Trust me, i dont like throwing cash away since i am not working at the moment but been thru the route of being cheap. if you are having luck with the cheaper brands cool....all respect for that just respect the fact we got the cash to invest in a nice sounding subs.


----------



## Sporty (Jan 26, 2006)

> _Originally posted by Texas_Bowties_@Aug 8 2007, 11:54 AM~8503241
> *ive tried many brands and cant none compare to my jl's. memphis mojos are some hard hitting subs as well. i had two 12's. back in the day i had 2 15'' eclipse. those things hit hard as well. so comparing lower brands subs are hard to believe. the cheaper subs i have herd who bang are the quantums. but you get what you pay for and are notorious for blowing. i sell subs and amps all the time to miami, chicago and my hometown houston. throw some brands out there and i will find someone to buy some so i can check em out...
> 
> ive herd over a million systems before so i cant comprehend where you are comming from.
> ...


theres a lil bit more out there than those two companies and thats a bold statement bro.... i wouldnt make that statement with any sub. depending on the vehicle, you could have totally different outcomes with the same gear.

i've heard the W0, W3, W6 and w7 in suv's, trunk cars, hatches, and trucks in sealed and vented enclosures... and i've heard other cheaper line ups in similar vehicles, and i dont really see where your coming from. their nice, but the price tag doesnt match performance. but to each his own, your money, do YOUR thing.

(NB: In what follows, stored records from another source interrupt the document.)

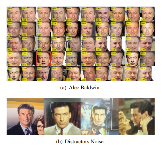 그림 6(b)에서는 메가페이스 산란기에서 나오는 노이즈 얼굴 이미지 예를 제공한다. 메가페이스 산만기에서 나온 네 개의 얼굴 이미지는 모두 알렉 볼드윈이다. 메가페이스 산란기를 수동으로 청소하고 마침내 707개의 시끄러운 얼굴 이미지를 발견한다.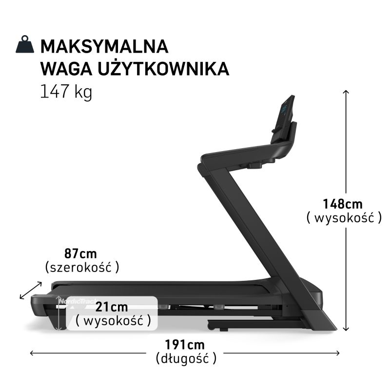 Treadmill dimensions : 191 x 87 x 148 cm (L x W x H)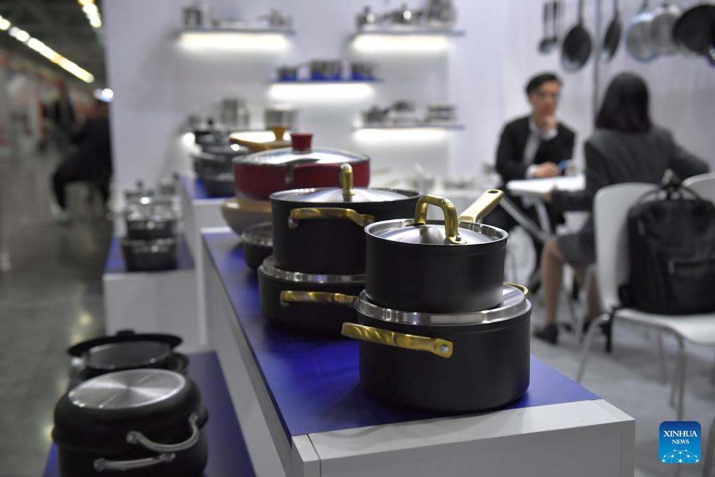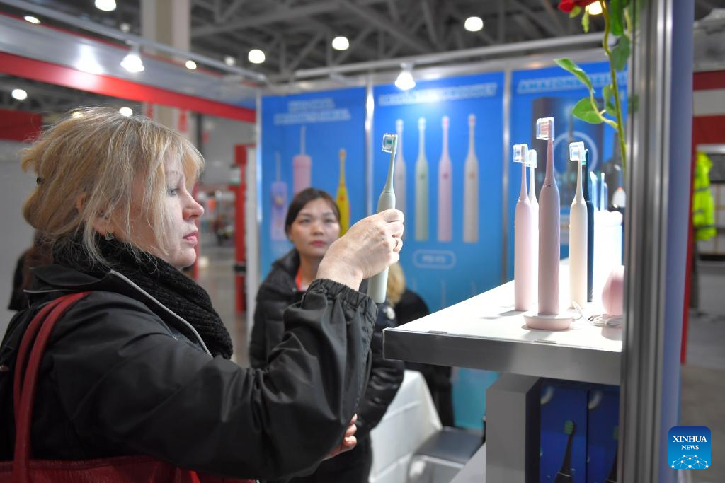 People attend the 2nd international exhibition of consumer goods for house, garden, sports and leisure at Crocus Expo International Exhibition Center in Moscow, Russia, on May 13, 2024. (Photo by Alexander Zemlianichenko Jr/Xinhua)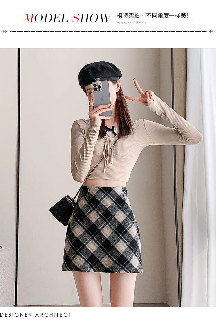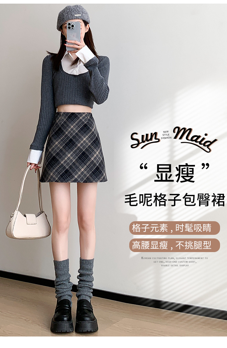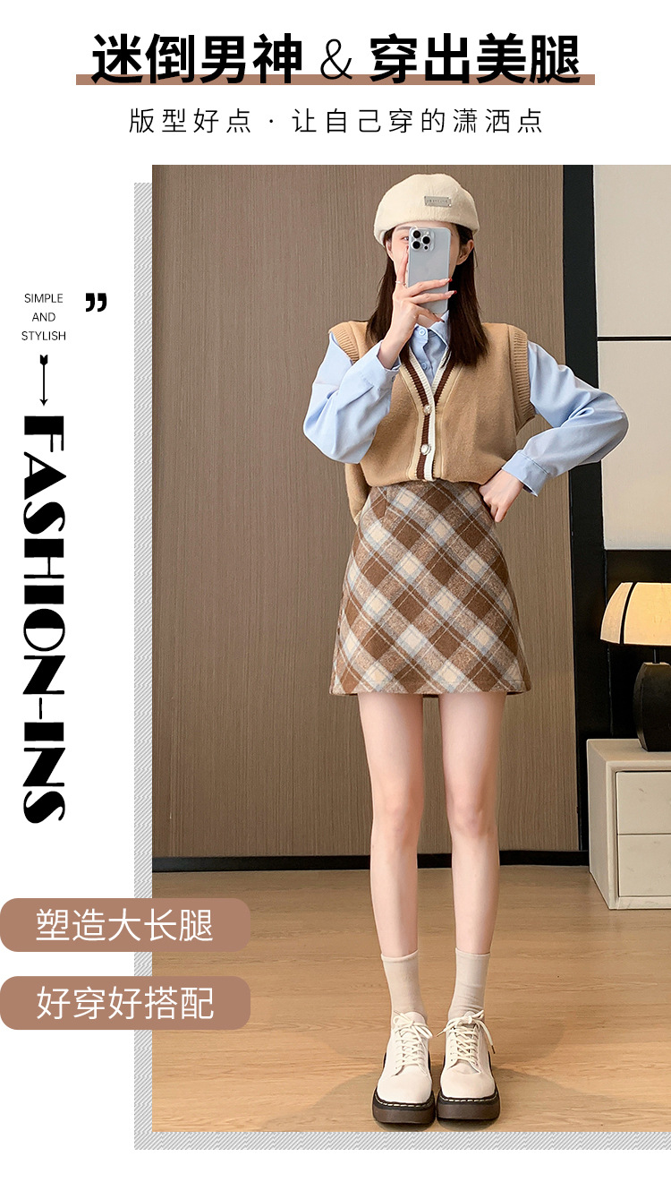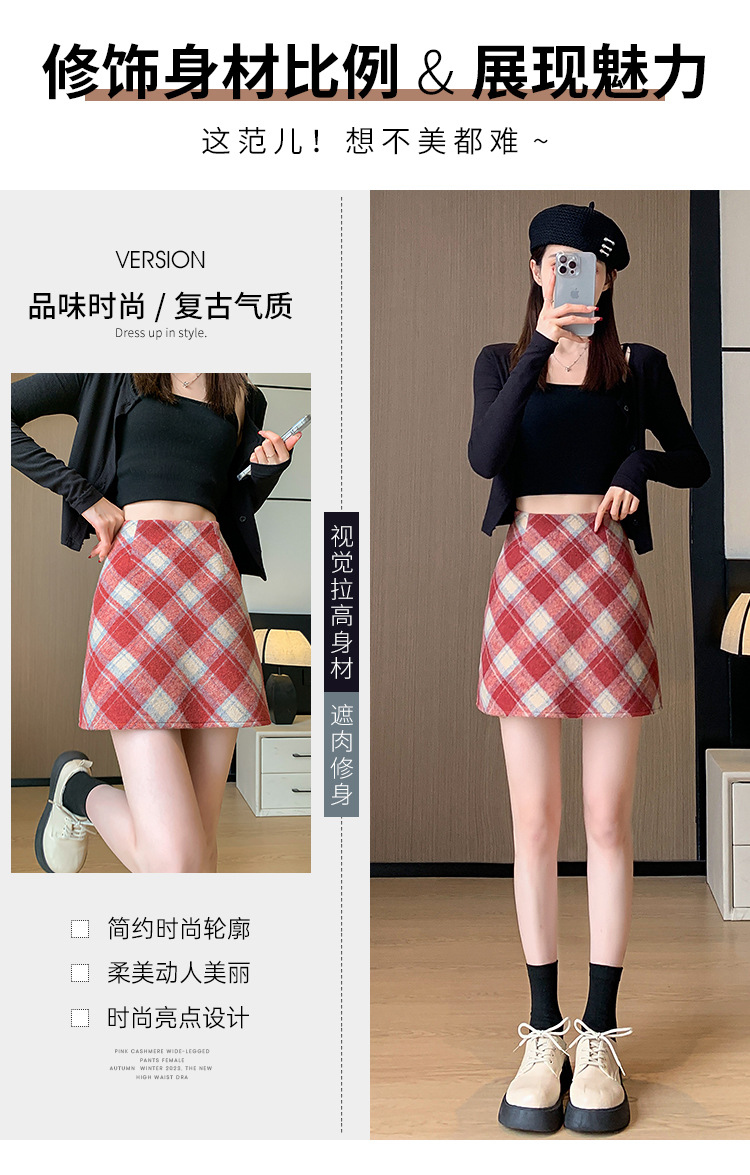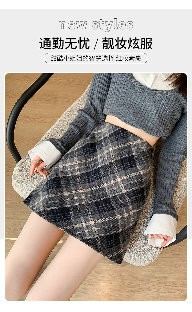 Волосатая юбка A-size Осенняя и зимняя половина клетчатая юбка

how much are you getting JL equip. for anyhow, just curious, we're all saying "cheaper" but we're not sure what he's actually getting them for, i'm sure its not retail


----------



## superdodge2196 (May 21, 2006)

> _Originally posted by Sporty_@Aug 8 2007, 12:20 PM~8503472
> *theres a lil bit more out there than those two companies and thats a bold statement bro.... i wouldnt make that statement with any sub. depending on the vehicle, you could have totally different outcomes with the same gear.
> 
> i've heard the W0, W3, W6 and w7 in suv's, trunk cars, hatches, and trucks in sealed and vented enclosures... and i've heard other cheaper line ups in similar vehicles, and i dont really see where your coming from. their nice, but the price tag doesnt match performance. but to each his own, your money, do YOUR thing.
> ...



this is what i'm trying to say. just cause it costs more doesn't make it better.


----------



## Pitbullx (Jul 27, 2005)

> _Originally posted by superdodge2196_@Aug 7 2007, 11:23 PM~8499563
> *i like them, its a good sub at an even better price.  i would recomend them to anyone in the market for new subs.  i'm sure you'll have some slick comeback, you always do, it is what it is i guess. :uh:
> *


nope no need to n00b....


----------



## Pitbullx (Jul 27, 2005)

> _Originally posted by Texas_Bowties_@Aug 8 2007, 12:50 AM~8500411
> *oh and i see you stay in indiana, i have plenty of homies that stay in chicago with jl equiped. if you so proud of the fi's and cheaper brands, step up...i can send the meter over there and see who outbangs who...i have a homie in  a caddy i am gon have to find his number that has ONE w7 in his trunk. put up what you got against it. why bullshit and talk. let the subs do the talking.  :biggrin:
> *


I see you are in TX Ill put my "cheap" RE/DD/Treo/Fi subs up against your JL install in spl and sq... I have the new termlab and a rta so it should be fun. And you would be a fool to think a single 13/13w7 can compare to a BL 18 in low end extension and spl


----------



## Sporty (Jan 26, 2006)

nice!

worked out betta then i thought...btw, i'd like a "hahhahaha, told you so" video when this is all said and done..


----------



## Roln19s (Dec 22, 2005)

> _Originally posted by superdodge2196_@Aug 8 2007, 09:23 AM~8501633
> *i'm down for that, just have to replace my amp first.  still doesn't change the fact that the jl w7 subs are over priced and you can get a better quality, better sounding sub for cheaper.  i'm not saying that there not a nice looking sub, or that they don't hit, just there is better for cheaper.
> *


I'm game too, I'll be in INDY next week for the ITB, Bring it on. Let's see how the FI's compare in person, fuk the internet shit. Sit in my car and I'll sit in yours. See if you have any complaints after you hear what mine sounds and feels like.


----------



## superdodge2196 (May 21, 2006)

> _Originally posted by Roln19s_@Aug 9 2007, 10:19 PM~8516973
> *I'm game too, I'll be in INDY next week for the ITB, Bring it on.  Let's see how the FI's compare in person, fuk the internet shit.  Sit in my car and I'll sit in yours.  See if you have any complaints after you hear what mine sounds and feels like.
> *


i'd love to but i don't have an amp right now. i'm thinking about taking my impala to itb. don't quite know yet cause i'm suppose to close on a house the 15th. probably won't get to go at all.


----------



## Roln19s (Dec 22, 2005)

> _Originally posted by Pitbullx_@Aug 8 2007, 07:25 PM~8506333
> *I see you are in TX Ill put my "cheap" RE/DD/Treo/Fi subs up against your JL install in spl and sq... I have the new termlab and a rta so it should be fun.  And you would be a fool to think a single 13/13w7 can compare to a BL 18 in low end extension and spl
> *


Why try and compare a 13 to an 18? I got an idea. Why not compare a 12" to a 12" and the same amount of power?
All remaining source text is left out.